* Entries shown *
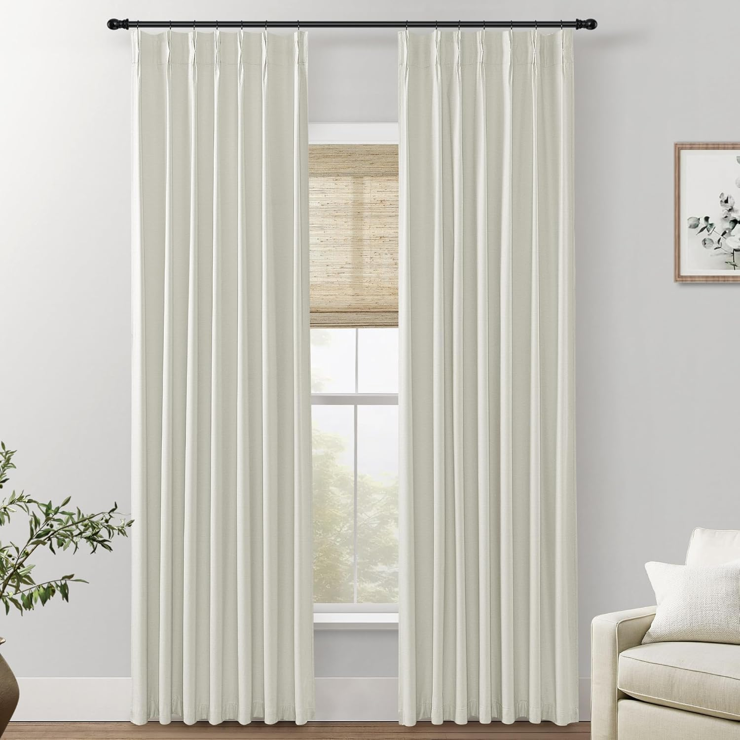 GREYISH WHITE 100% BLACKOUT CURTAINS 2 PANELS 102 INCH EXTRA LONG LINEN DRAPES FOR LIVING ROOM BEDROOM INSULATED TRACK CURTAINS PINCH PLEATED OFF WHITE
--
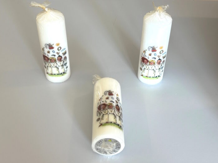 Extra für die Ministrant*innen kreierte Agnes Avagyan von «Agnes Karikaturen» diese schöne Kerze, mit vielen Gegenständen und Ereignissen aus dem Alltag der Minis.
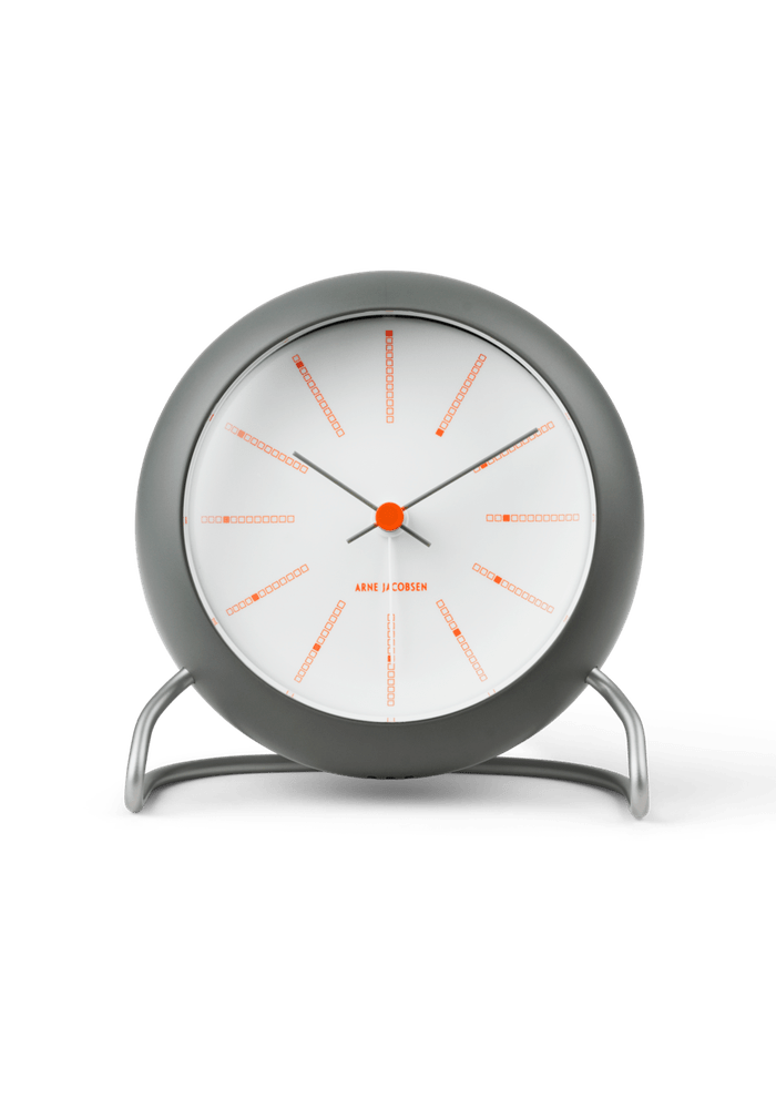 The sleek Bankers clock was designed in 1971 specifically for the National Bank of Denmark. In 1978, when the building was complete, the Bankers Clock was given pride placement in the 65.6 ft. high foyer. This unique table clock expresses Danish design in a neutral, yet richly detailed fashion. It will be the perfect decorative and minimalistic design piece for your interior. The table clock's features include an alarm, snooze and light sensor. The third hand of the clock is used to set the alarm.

* Work instructions *
A clean copy is needed of the lines above from the one with "Extra für die" up to and including the one with "The sleek Bankers". Please set it down exactly, with no pictures.

* Exercise response *
 Extra für die Ministrant*innen kreierte Agnes Avagyan von «Agnes Karikaturen» diese schöne Kerze, mit vielen Gegenständen und Ereignissen aus dem Alltag der Minis.
 The sleek Bankers clock was designed in 1971 specifically for the National Bank of Denmark. In 1978, when the building was complete, the Bankers Clock was given pride placement in the 65.6 ft. high foyer. This unique table clock expresses Danish design in a neutral, yet richly detailed fashion. It will be the perfect decorative and minimalistic design piece for your interior. The table clock's features include an alarm, snooze and light sensor. The third hand of the clock is used to set the alarm.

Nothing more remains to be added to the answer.